NUM_FEATURES = list(SPEC_REGEXES.keys())

def build_vector(text, numeric_dict):
    text_vec = model.encode(text, normalize_embeddings=True)
    numeric = np.array([numeric_dict.get(k, np.nan) for k in NUM_FEATURES])
    numeric = np.nan_to_num(numeric)  # simple imputation
    return np.hstack([text_vec, numeric])

## 4. Clustering utility

In [None]:
def cluster_vectors(X, min_cluster_size=5):
    # Dimensionality reduction (optional but speeds HDBSCAN)
    red = umap.UMAP(n_components=10, random_state=42).fit_transform(X)
    clust = hdbscan.HDBSCAN(min_cluster_size=min_cluster_size).fit(red)
    return clust.labels_, red

## 5. End‑to‑end example
Drop a few sample PDFs inside a folder (e.g., `./sample_datasheets`) and run the block below.

In [None]:
PDF_DIR = './sample_datasheets'  # change to your folder
rows = []
for pdf_path in glob.glob(os.path.join(PDF_DIR, '*.pdf')):
    text, tables = extract_pdf(pdf_path)
    specs = parse_specs(text)
    vec = build_vector(text, specs)
    rows.append({'file': os.path.basename(pdf_path), 'vector': vec, 'specs': specs})

# Build feature matrix
X = np.vstack([r['vector'] for r in rows])

# Cluster
labels, red = cluster_vectors(X)
for r, lab in zip(rows, labels):
    r['cluster'] = int(lab)

# Visualise
vis_df = pd.DataFrame({
    'x': red[:,0],
    'y': red[:,1],
    'cluster': labels,
    'file': [r['file'] for r in rows]
})
fig = px.scatter(vis_df, x='x', y='y', color='cluster', hover_name='file', title='Datasheet Clusters')
fig.show()

---
### Next steps
- **Vector store**: Persist embeddings in FAISS/Qdrant for similarity search.
- **Better spec parsing**: Use `pdfplumber` tables or NLP entity extraction for robust numeric features.
- **Web service**: Wrap logic in FastAPI + React/Streamlit front‑end.
- **Evaluation**: Silhouette score, manual cluster inspection dashboards.

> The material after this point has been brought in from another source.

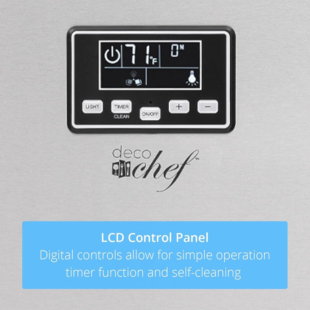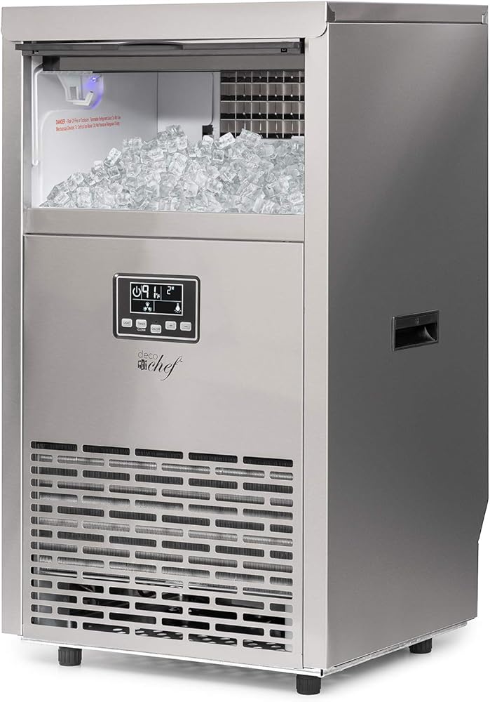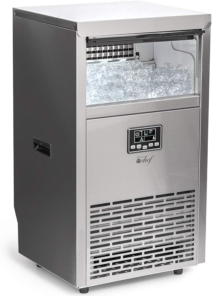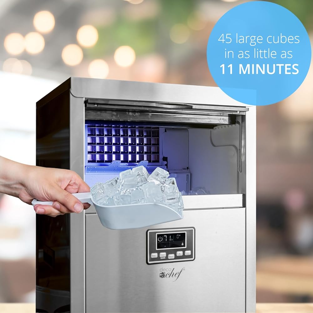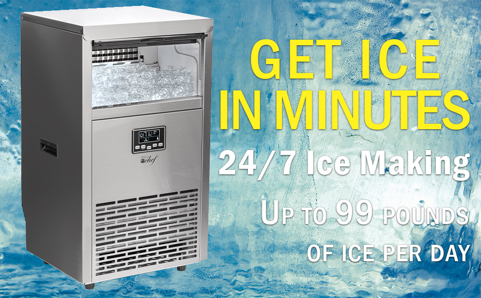 • ماكينة ثلج عالية السعة - تصنع ما يصل إلى 99 رطلاً من الثلج يوميًا. بالإضافة إلى صنع الثلج السريع، يقوم صانع الثلج التجاري هذا بتخزين ما يصل إلى 33 رطلاً من الثلج مما يبقيه باردًا وجاهزًا للتقديم. تتيح لك شاشة LCD معرفة درجات الحرارة الخارجية والداخلية وحالة الجهاز الحالية. تتيح لك واجهة الزر البسيطة التحكم في وظيفة المؤقت وإضاءة الخليج.
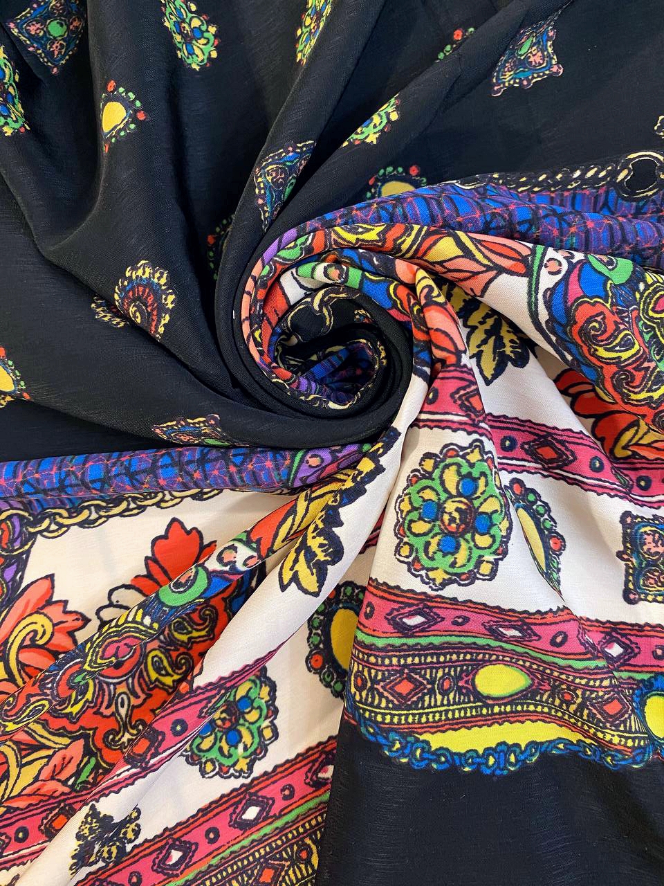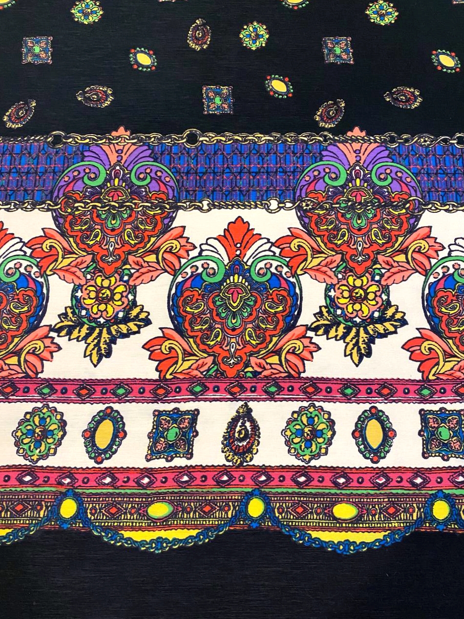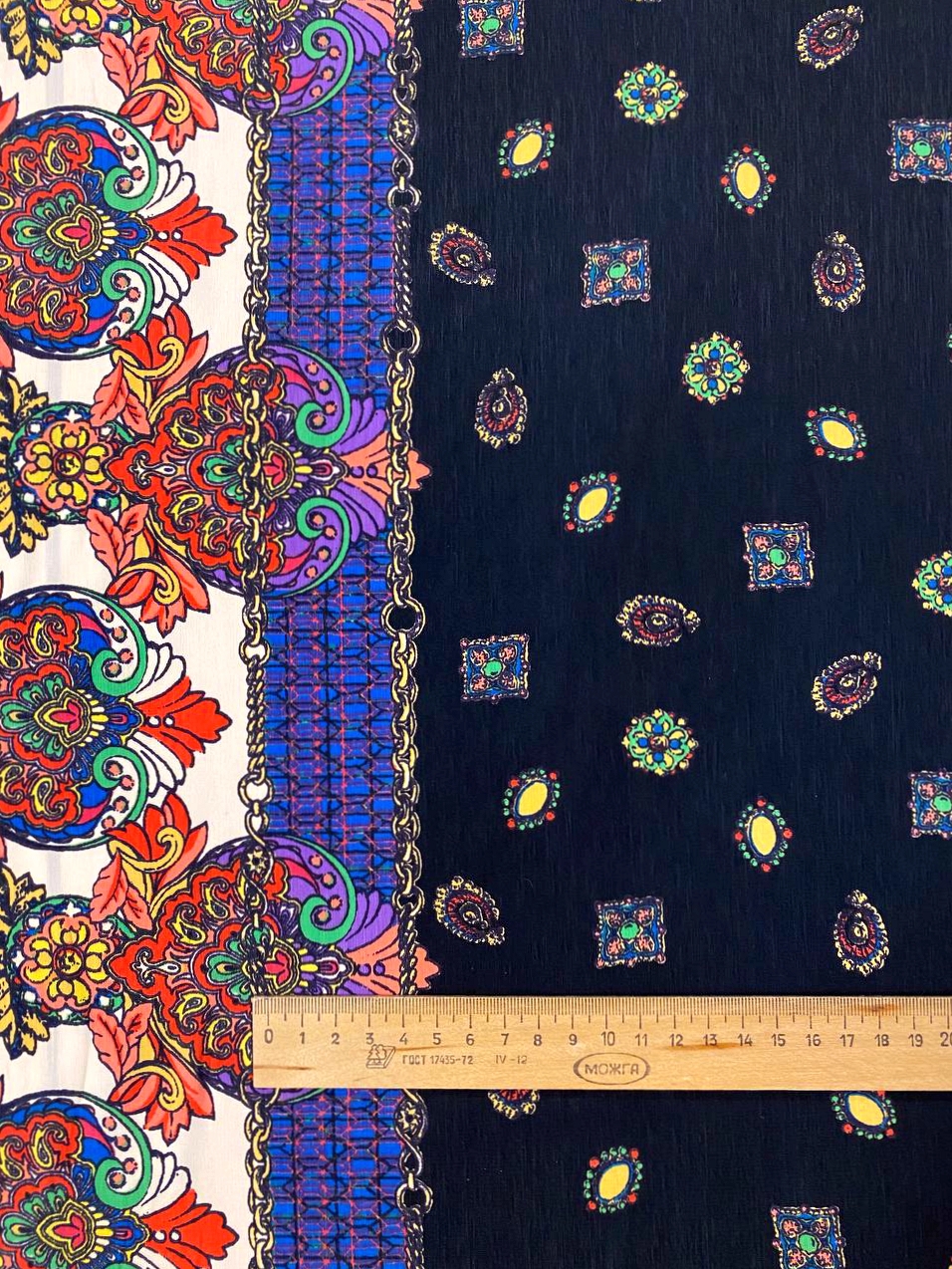 Роскошная ткань с двумя яркими бордюрами, расположенными вдоль обеих кромок.

## 6. Advanced spec parsing
This cell shows **two complementary techniques** to pull numeric specs more robustly:
1. **Table extraction** with `pdfplumber` & heuristics for unit conversion.
2. **Regex on sentences** for specs hidden in prose.

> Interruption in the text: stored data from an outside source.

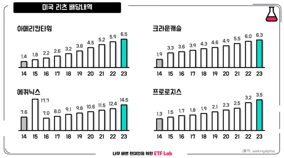 KBSTAR 글로벌 리얼티인컴은 배당 성장률 차이가 어떤 결과를 만들어 내는지 살펴볼게요. 2014년에 둘 다 동일하게 100만 원의 배당금을 지급받았다고 가정해 보겠습니다. 추가 투자금 없이 그대로 놔뒀다면, 현재 얼마의 배당금을 받고 있을까요? 현재 기준으로 리얼티인컴은 144만 원이고 맥쿼리인프라는 185만 원을 받게 됩니다. 둘 다 배당금이 증가했는데요. 맥쿼리인프라가 41만 원 더 많습니다. 그만큼 배당금 인상률이 높았다는 이야기죠. 하지만 오랫동안 배당금 삭감 없이 인상해 준 기업은 리얼티인컴입니다. 배당 신뢰 측면에서는 리얼티인컴이 더 매력적입니다. 나머지 여덟 개 미국 리치 기업 중에 대표 기업의 배당 내역을 살펴볼게요. 통신 인프라 기업인 아메리칸 타워와 크라운 캐슬 데이터센터, 리츠 기업인 에퀴닉스, 물류 리츠 기업인 프로로지스의 배당 내역입니다. 최근 10년 동안의 배당 이력은 모두 멋진 우상향을 그리고 있습니다. 에퀴닉스는 특별 배당으로 2015년에 잠깐 튀었지만, 양호하지. 최근 리츠 기업이 맥을 못 추고 있지만, 길게 보면 역시 건강한 상승을 보여주고 있는 미국 리츠 기업들이죠.
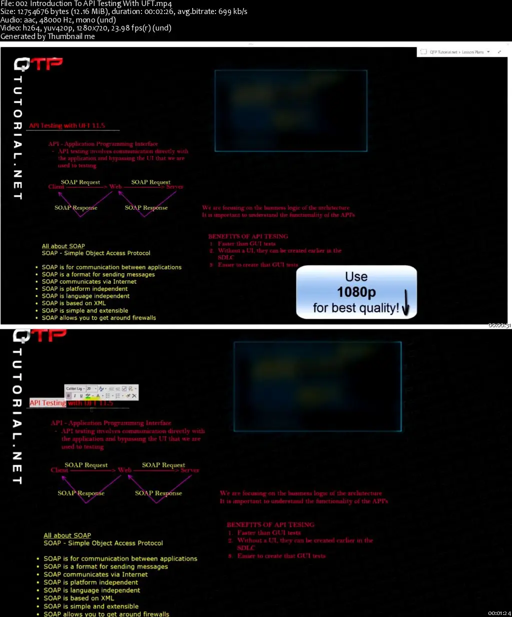 This is the most comprehensive API Testing tutorial with Unified Functional Testing(UFT) on the web. The course will teach you EVERYTHING that you need to know for testing APIs in an automated fashion. GUARANTEED or your money back!
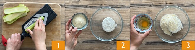 Para preparar os rolinhos de abobrinha ao molho, primeiro lave e corte as extremidades das abobrinhas. Fatie as abobrinhas com uma mandolina obtendo fatias finas, com espessura máxima de 2-3 mm 1. Prepare o recheio: em uma tigela misture a ricota (escorrida, se estiver muito aquosa) e adicione o parmesão 2, o ovo 3, sal e pimenta.
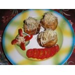 Из фольги делаем плотные тарелочки, оставляя один конец, чтобы его можно было сначала плотно накрыть, а для подрумянивания открыть.

> **Tip**: Extend `TABLE_HEADERS` and `SENTENCE_PATTERNS` dictionaries with the parameters important to your parts.

In [None]:
import pdfplumber, itertools
UNIT_MAP = {
    'v': 1.0, 'mv': 1e-3, 'kv': 1e3,
    'a': 1.0, 'ma': 1e-3, 'ua': 1e-6,
    'db': 1.0
}

TABLE_HEADERS = {
    'vdd_max': ['vdd', 'supply voltage', 'vcc'],
    'gain_db': ['gain', 'power gain'],
    'freq_max_hz': ['frequency range', 'f_max'],
}

SENTENCE_PATTERNS = {
    'noise_figure_db': r"noise\s*figure[^0-9]*([0-9]+\.?[0-9]*)\s*dB",
}

def _to_float(val):
    try:
        return float(str(val).strip())
    except ValueError:
        return np.nan

def parse_tables_plumber(path):
    out = {}
    with pdfplumber.open(path) as pdf:
        for page in pdf.pages:
            for table in page.extract_tables():
                for row in table:
                    for k, aliases in TABLE_HEADERS.items():
                        if any(a.lower() in str(row[0]).lower() for a in aliases):
                            # find first numeric in row
                            num_cells = [c for c in row[1:] if re.search(r"[0-9]", str(c))]
                            if num_cells:
                                val_str = re.findall(r"([0-9]+\.?[0-9]*)\s*([kmu]?v|db|a)?", str(num_cells[0].lower()))
                                if val_str:
                                    mag, unit = val_str[0]
                                    mag = float(mag)
                                    factor = UNIT_MAP.get(unit, 1.0)
                                    out[k] = mag * factor
    return out

def advanced_parse_specs(text, path):
    specs = {}
    # sentence regex pass
    for k, pat in SENTENCE_PATTERNS.items():
        m = re.search(pat, text, re.I)
        if m:
            specs[k] = _to_float(m.group(1))
    # table pass
    table_specs = parse_tables_plumber(path)
    specs.update(table_specs)
    return specs

## 7. FAISS similarity search
After clustering, you may want to retrieve the most similar products to a query part or to a free‑text description. This cell builds an **in‑memory FAISS index** over your vectors and shows how to query it.

In [None]:
import faiss

# Build index (run after you've created X)
d = X.shape[1]
index = faiss.IndexFlatIP(d)  # inner‑product for cosine (vectors must be L2‑normalised!)
index.add(X.astype('float32'))

def search(query_text, k=5):
    q_vec = model.encode(query_text, normalize_embeddings=True)
    q_vec = np.hstack([q_vec, np.zeros(len(NUM_FEATURES))])  # pad numeric zeros
    D, I = index.search(np.expand_dims(q_vec.astype('float32'), 0), k)
    return [(rows[i]['file'], float(D[0][j])) for j, i in enumerate(I[0])]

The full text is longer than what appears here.